- WHAT IS NEEDED -
Please print the listing that follows word for word, but skip any pictures it holds.

- MATERIAL PROVIDED -
▶

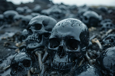 Dark and eerie skulls are piled together, creating a captivating and chilling scene.
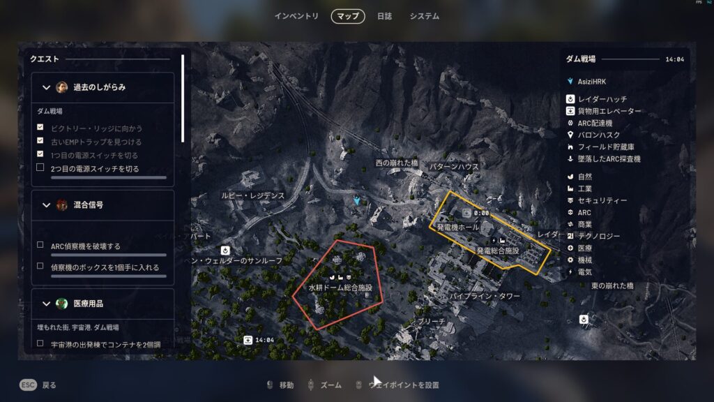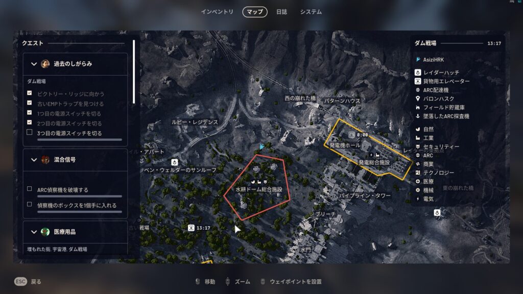 | クエスト説明 | ファーストウェーブの時代に、仲間とダムの近くにトラップを作った。発電機をオーバーロードさせ、ARC対策に使ったんだ。今も通信の遮断や奇襲のため、その罠が使われていると聞いた。レイダー同士の争いだ。終わらせるべきだ。 |
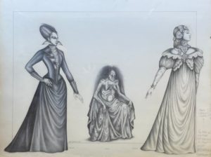 1978/79. Lithographie en noir, 50 x 65 cm. Portraits en pieds de « Fricka, Erda et Freia », avec envoi autographe de l’artiste : « Marie, Camille, Claire (Die Töchter) / Für Marie-José und André / Mit grossem Respekt + liebe / Pet Halmen / Strasbourg 1979 ». Excellent état. On joint un volume in-4 (Munich, 1986, 84 pp.) catalogue abondamment illustré de l’exposition des décors, costumes et affiches de l’artiste Pet Halmen.
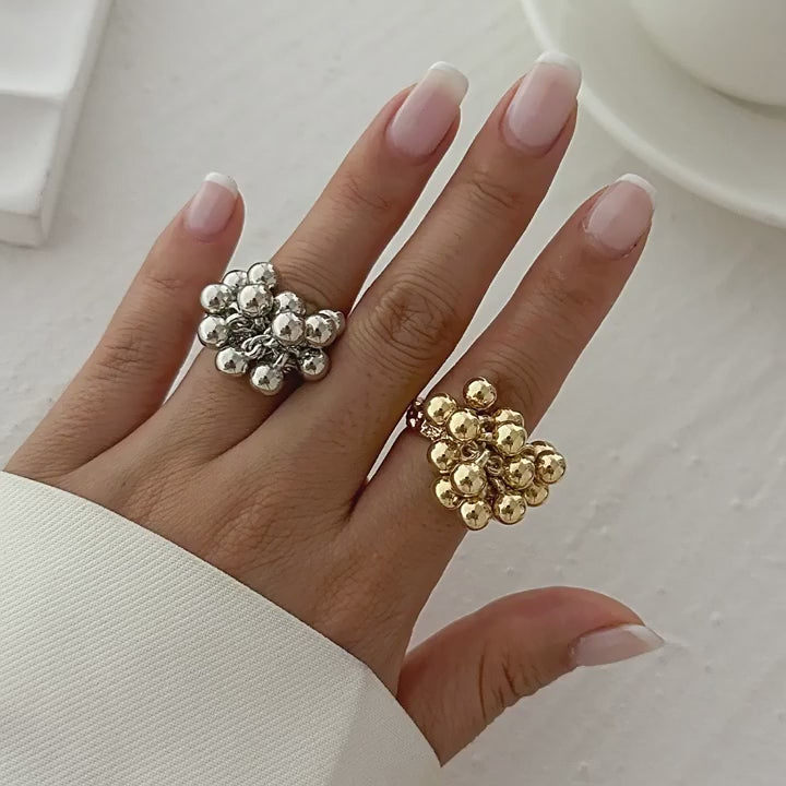 ✨ Stand out with this hollow geometric pearl ring 💍 ultra-chic design for modern elegance and luxury glam vibes 🌟 perfect for every occasion.

◀

- SOLUTION FOR THIS EXERCISE -
 Dark and eerie skulls are piled together, creating a captivating and chilling scene.
 | クエスト説明 | ファーストウェーブの時代に、仲間とダムの近くにトラップを作った。発電機をオーバーロードさせ、ARC対策に使ったんだ。今も通信の遮断や奇襲のため、その罠が使われていると聞いた。レイダー同士の争いだ。終わらせるべきだ。 |
 1978/79. Lithographie en noir, 50 x 65 cm. Portraits en pieds de « Fricka, Erda et Freia », avec envoi autographe de l’artiste : « Marie, Camille, Claire (Die Töchter) / Für Marie-José und André / Mit grossem Respekt + liebe / Pet Halmen / Strasbourg 1979 ». Excellent état. On joint un volume in-4 (Munich, 1986, 84 pp.) catalogue abondamment illustré de l’exposition des décors, costumes et affiches de l’artiste Pet Halmen.
 ✨ Stand out with this hollow geometric pearl ring 💍 ultra-chic design for modern elegance and luxury glam vibes 🌟 perfect for every occasion.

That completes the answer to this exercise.